Bolts and fasteners are failing at an alarming rate on subsea oil and gas equipment in the Gulf of Mexico, and regulators today spotlighted the high stakes involved as they reached out widely for help.
"We're aware of close to a dozen cases where bolts have failed," Brian Salerno, director of the Bureau of Safety and Environmental Enforcement, told federal and industry officials at a meeting on the issue in Washington, D.C., today.
To date there have been no catastrophic failures resulting in loss of life or massive hydrocarbon spills stemming from the problem, Salerno said, "but it may be a matter of time before our luck runs out."
Known incidents of bolt failures — in which fasteners sheared off or were stripped of their threads — now date back to 2003, but BSEE only recently began collecting data on the issue beyond cases that surfaced because of resulting injuries or spills.
The growing data on "near miss" incidents have begun revealing a massive problem.
In 2010, Salerno said, a blow-out preventer was being tested on board a ship when all 20 of its connector bolts failed. The bolts, each 20 inches long and 3 inches thick, all stripped or cracked during testing.
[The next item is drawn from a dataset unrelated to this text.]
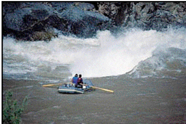
The Big Hole at Crystal Rapid on the Colorado River in the Grand Canyon!

In the case of very difficult whitewater, you may want to have a good deal of information about the situation available, have a plan for other observers to share their thoughts on how to succeed and even have a plan for someone to throw you a rope if things get really tight. And sometimes scouting that rapid is in order so that the difficulties can be avoided or responses can be planned:

Because the equipment was in a maintenance mode on the ship rather than underwater in operation, the operator was able to replace the connectors without serious repercussions.
The agency currently has data on "nearly a dozen" similar incidents involving the potential failure of key safety equipment.
Last month, BSEE instituted safety rules that require operators to report all such bolt failures, a step that Salerno and others describe as crucial to getting a better idea of what is going wrong (EnergyWire, July 27).
The agency has identified nine areas for further investigation, including the metallurgical makeup of the fasteners, coatings baked onto them, the quality controls for subcontractors that produce the bolts and whether they are being over-tightened during installation.
The wide net of inquiry underscores how poorly regulators understand the problem; Salerno said industry, too, has an incomplete picture as individual incidents of bolt failure have long been overlooked.
Today's meeting in Washington included participants in a "bolt action team" brought together by BSEE to look for answers.
Marcia McNutt, the president of the National Academy of Sciences, described the group's job as one where "failure is not an option," comparing the mission to a successful one undertaken in the 1960s to stem a series of catastrophic losses of nuclear submarines.
The academy is being commissioned to conduct its own study of the problem, Salerno said, which will work in parallel with BSEE's and an industry investigation being led by the American Petroleum Institute.
Addressing reporters outside the meeting, Salerno acknowledged that BSEE may lack authority to address the problem if the solution were found tomorrow.
"We'd have some authority; whether it would be sufficient, I don't know," Salerno said.
The three vendors that supply the subsea equipment that have seen failures are General Electric Co., National Oilwell Varco Inc. and Cameron International Corp., which is now a subdivision of Schlumberger Ltd., but the manufacturing of bolts is often subcontracted to other vendors.
One question is whether those vendors, which are not well-overseen, are supplying equipment that meets specifications.
GE recalled and replaced about 11,000 fasteners on equipment throughout the Gulf in 2013, and Salerno said the agency did not have data on whether any failures had occurred in replaced bolts.
A cost estimate for the replacement of all remaining bolts in the field is not available, according to Salerno.
But he stressed that while the root causes of the failures remain unknown, the agency's focus is on working together with industry to find answers. Solving the problem is in everyone's best interest, he stressed, and industry is cooperating with regulators to untangle what is causing the failures.
Salerno said regulators have not considered suspending subsea operations until a solution is found. But after earlier discussions of a gradual replacement program for the failing hardware, Salerno said the agency's "thinking has evolved" about whether that approach would be appropriate.
"We believe this problem needs to be solved sooner rather than later," he said.